**Task to carry out:**
Exactly as written, set down each line of the data below except its pictures.

**Input data:**

————

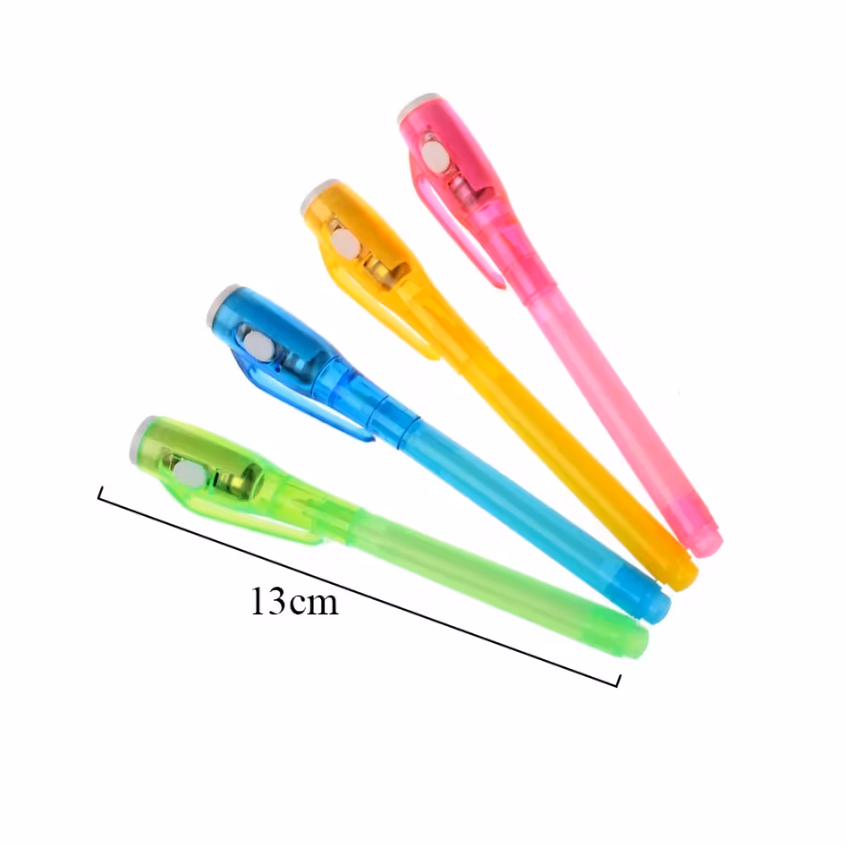Komplekts satur 5 neredzamu tinti pildspalvas, ideāli piemērotas jautrām aktivitātēm, slepenām vēstulēm vai slēptiem zīmējumiem. Tinte ir pilnīgi neredzama parastā apgaismojumā un to var izlasīt tikai, izmantojot iebūvēto UV lampu.
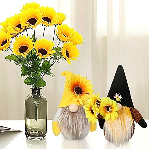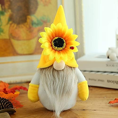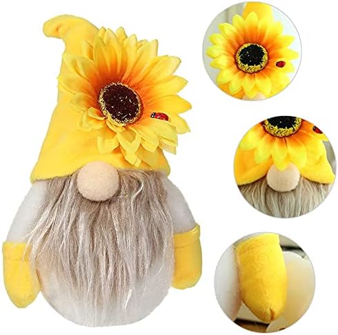 【High quality Workmanship】These plush gnome dolls are fabricated from high-quality wool felt and tender plush, full of polyester stuffing. Adorned with yellow sunflower flowers. The weighted backside lets it stand alone secure.
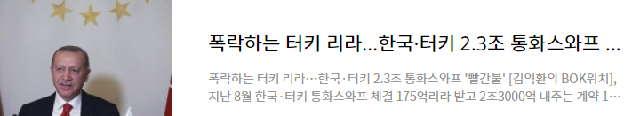 그 와중에 터키와 통화 스와프한 우리나라.... 외교적인 투자라고 생각하며 위로를 해야 할 것 같네요..! 터키도 우리나라의 IMF때 통화 스와프를 해줬다고 해요.

————

**Exercise output:**
Komplekts satur 5 neredzamu tinti pildspalvas, ideāli piemērotas jautrām aktivitātēm, slepenām vēstulēm vai slēptiem zīmējumiem. Tinte ir pilnīgi neredzama parastā apgaismojumā un to var izlasīt tikai, izmantojot iebūvēto UV lampu.
 【High quality Workmanship】These plush gnome dolls are fabricated from high-quality wool felt and tender plush, full of polyester stuffing. Adorned with yellow sunflower flowers. The weighted backside lets it stand alone secure.
 그 와중에 터키와 통화 스와프한 우리나라.... 외교적인 투자라고 생각하며 위로를 해야 할 것 같네요..! 터키도 우리나라의 IMF때 통화 스와프를 해줬다고 해요.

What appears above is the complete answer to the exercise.